Crossposted from the AI Impacts Blog. This is a snapshot of a new page on the AI Impacts Wiki.
We’ve made a list of arguments[1] that AI poses an existential risk to humanity. We’d love to hear how you feel about them in the comments, or in the poll on the LessWrong crosspost version.
Competent non-aligned agents
Summary:
- Humans will build AI systems that are 'agents', i.e. they will autonomously pursue goals
- Humans won’t figure out how to make systems with goals that are compatible with human welfare and realizing human values
- Such systems will be built or selected to be highly competent, and so gain the power to achieve their goals
- Thus the future will be primarily controlled by AIs, who will direct it in ways that are at odds with long-run human welfare or the realization of human values
Selected counterarguments:
- It is unclear that AI will tend to have goals that are bad for humans
- There are many forms of power. It is unclear that a competence advantage will ultimately trump all others in time
- This argument also appears to apply to human groups such as corporations, so we need an explanation of why those are not an existential risk
People who have favorably discussed[2] this argument (specific quotes here): Paul Christiano (2021), Ajeya Cotra (2023), Eliezer Yudkowsky (2024), Nick Bostrom (2014[3]).
See also: Full wiki page on the competent non-aligned agents argument
Second species argument
Summary:
- Human dominance over other animal species is primarily due to humans having superior cognitive and coordination abilities
- Therefore if another 'species' appears with abilities superior to those of humans, that species will become dominant over humans in the same way
- AI will essentially be a 'species' with superior abilities to humans
- Therefore AI will dominate humans
Selected counterarguments:
- Human dominance over other species is plausibly not due to the cognitive abilities of individual humans, but rather because of human ability to communicate and store information through culture and artifacts
- Intelligence in animals doesn't appear to generally relate to dominance. For instance, elephants are much more intelligent than beetles, and it is not clear that elephants have dominated beetles
- Differences in capabilities don't necessarily lead to extinction. In the modern world, more powerful countries arguably control less powerful countries, but they do not wipe them out and most colonized countries have eventually gained independence
People who have favorably discussed this argument (specific quotes here): Joe Carlsmith (2024), Richard Ngo (2020), Stuart Russell (2020[4]), Nick Bostrom (2015).

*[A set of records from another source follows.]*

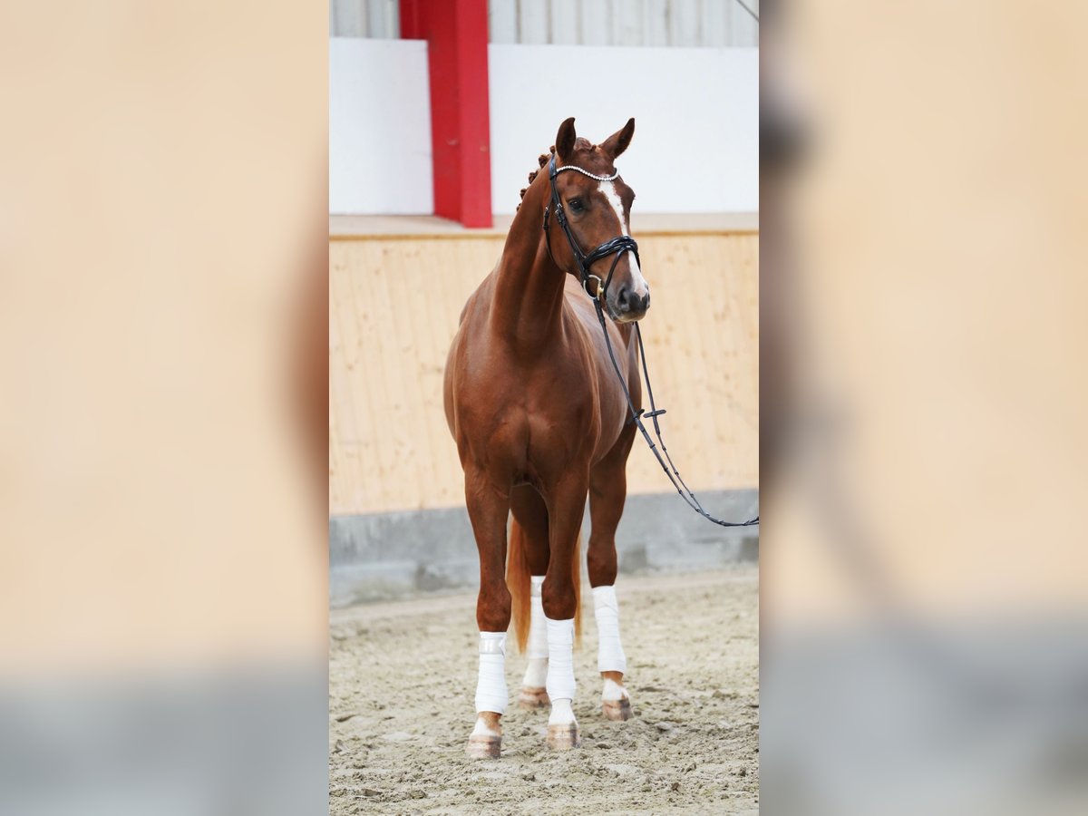 Promising Young Prospect for Dressage Sport For sale is a 4-year-old chestnut gelding with excellent basic prerequisites for dressage. He impresses with three very good basic gaits, particularly noteworthy are his uphill canter and an expressive, rhythmical walk. In daily handling, he is absolutely uncomplicated, friendly, and reliable. He loads without any issues, even alone, is well-behaved with the farrier, and is always pleasant to handle – even at competitions. A horse that leaves nothing to be desired in terms of character. He can also be easily managed by less experienced riders and is suitable as a transition horse. Under saddle, he works with great willingness to learn and always shows himself to be rideable and cooperative. He is currently placed in dressage horse A and impresses both at competitions and in training with his positive work ethic and pleasant riding feeling. 0172/4336587 Information without guarantee Price plus VAT On Instagram Frederike_ni
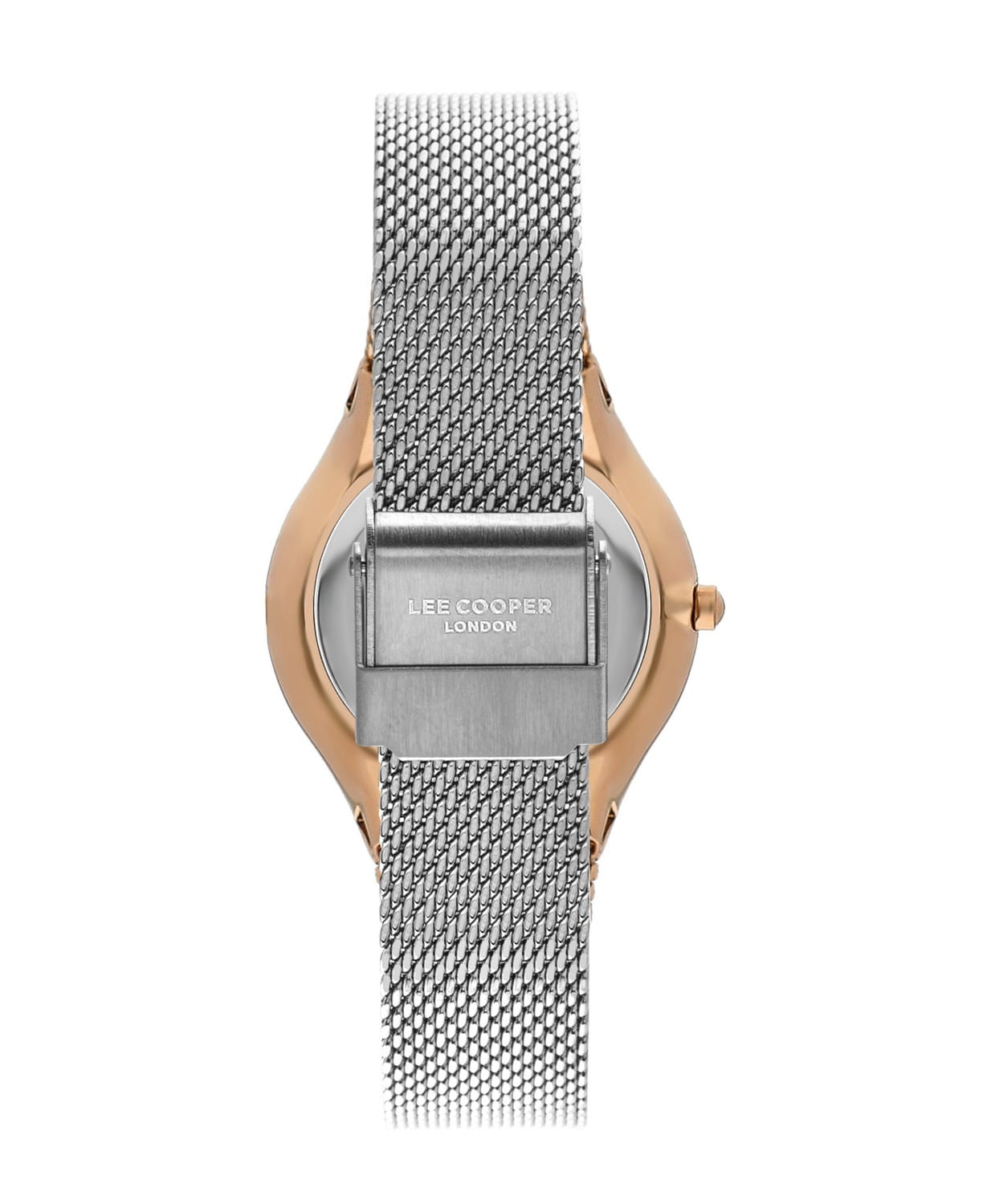 Женские часы Lee Cooper LC07862.530 — это стильное сочетание элегантности и современного дизайна. Изящный корпус диаметром 32 мм выполнен из суперметалла с IP-покрытиемIP-покрытиеМетод ионного напыления. Демонстрирует повышенную устойчивость к истиранию, окислению и химическим веществам. Под воздействием высокого давления и температуры около 1500°C молекулы металла надёжно соединяются с частицами корпуса часов. золотого цвета. Серый циферблат инкрустирован цирконами, что придает модели особый блеск и защищен минеральным стекломМинеральное стеклоМинеральное стекло представляет собой искусственно выращенный минерал кварца. Такое стекло отличается особой устойчивостью к повреждениям и царапинам. Уступает по некоторым качествам сапфировому стеклу., обеспечивающим устойчивость к царапинам. Центральные часовая, минутная стрелки. Часы оснащены надежным кварцевым механизмом. Стальной браслет с застежкой, выполненной в виде раскладного замкаРаскладной замокДанный вариант застежки используется только на часах с металлическим браслетом. Отличительная особенность такого крепления в том, что длина браслета становится универсальной и вы можете самостоятельно отрегулировать нужный вам размер – застежка просто двигается по браслету часов., гарантирующего комфортное и безопасное ношение. Водозащита 30 метров защищает модель от случайных брызг и дождя. Lee Cooper  — отличный выбор для тех, кто ценит утонченность и качество.
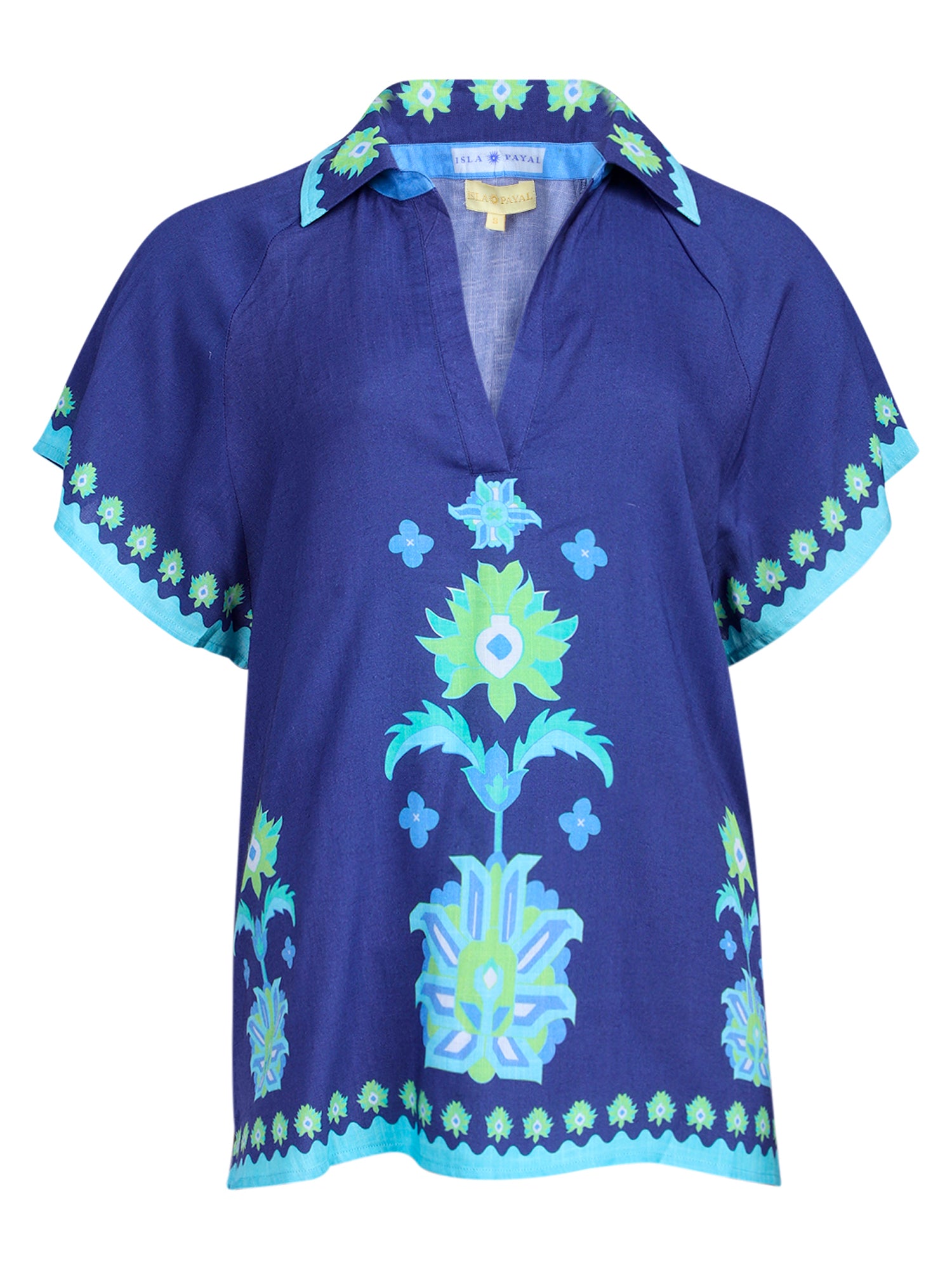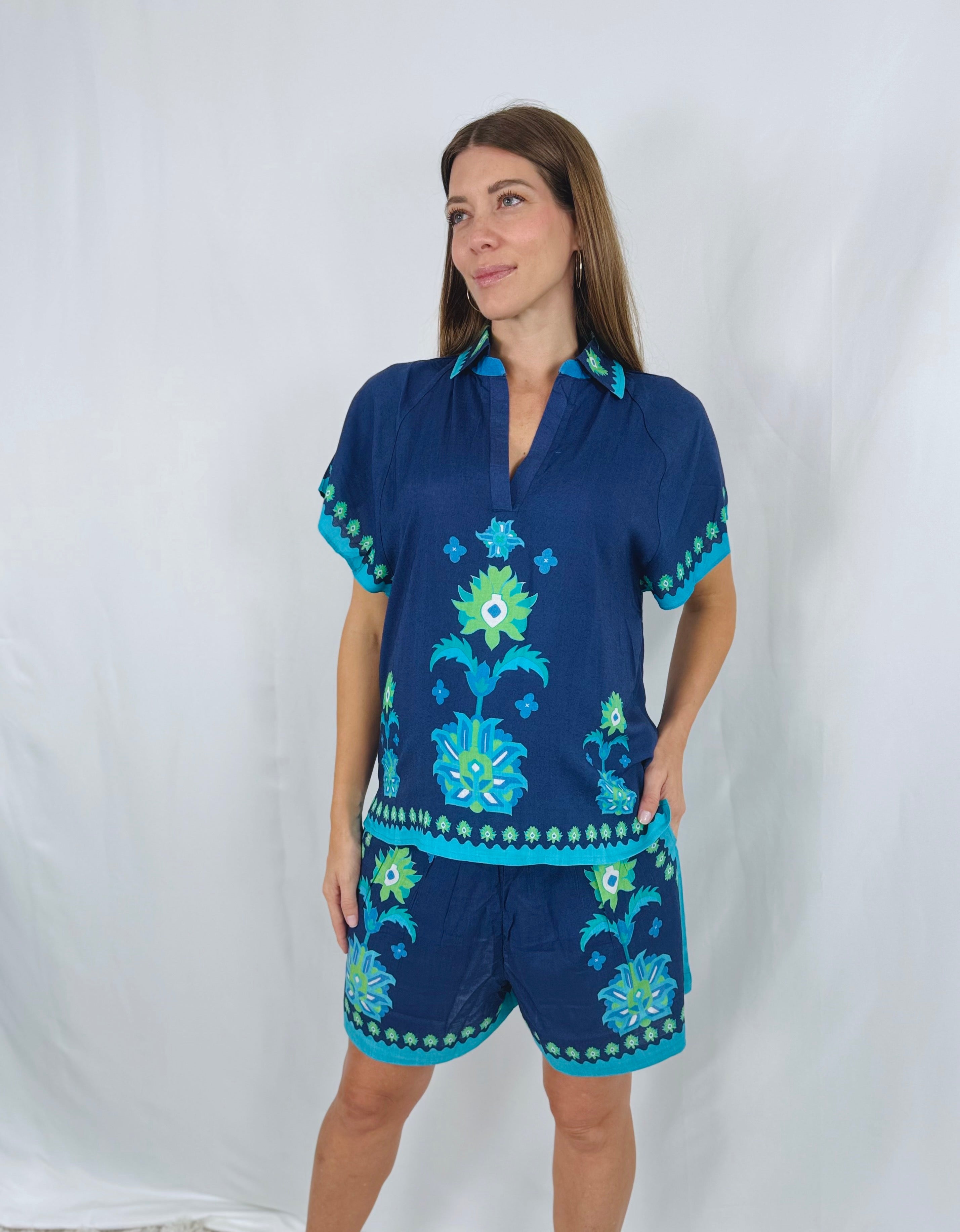 The Verona is an easy popover shirt that flatters all body types. It has raglan half-sleeves with a stunning placement print. We love the comfort fit.

See also: Full wiki page on the second species argument
Loss of control via inferiority
Summary:
- AI systems will become much more competent than humans at decision-making
- Thus most decisions will probably be allocated to AI systems
- If AI systems make most decisions, humans will lose control of the future
- If humans have no control of the future, the future will probably be bad for humans
Selected counterarguments:
- Humans do not generally seem to become disempowered by possession of software that is far superior to them, even if it makes many 'decisions' in the process of carrying out their will
- In the same way that humans avoid being overpowered by companies, even though companies are more competent than individual humans, humans can track AI trustworthiness and have AI systems compete for them as users. This might substantially mitigate untrustworthy AI behavior
People who have favorably discussed this argument (specific quotes here): Paul Christiano (2014), Ajeya Cotra (2023), Richard Ngo (2024).
See also: Full wiki page on loss of control via inferiority
Loss of control via speed
Summary:
- Advances in AI will produce very rapid changes, in available AI technology, other technologies, and society
- Faster changes reduce the ability for humans to exert meaningful control over events, because they need time to make non-random choices
- The pace of relevant events could become so fast as to allow for negligible relevant human choice
- If humans are not ongoingly involved in choosing the future, the future is likely to be bad by human lights
Selected counterarguments:
- The pace at which humans can participate is not fixed. AI technologies will likely speed up processes for human participation.
- It is not clear that advances in AI will produce very rapid changes.
People who have favorably discussed this argument (specific quotes here): Joe Carlsmith (2021).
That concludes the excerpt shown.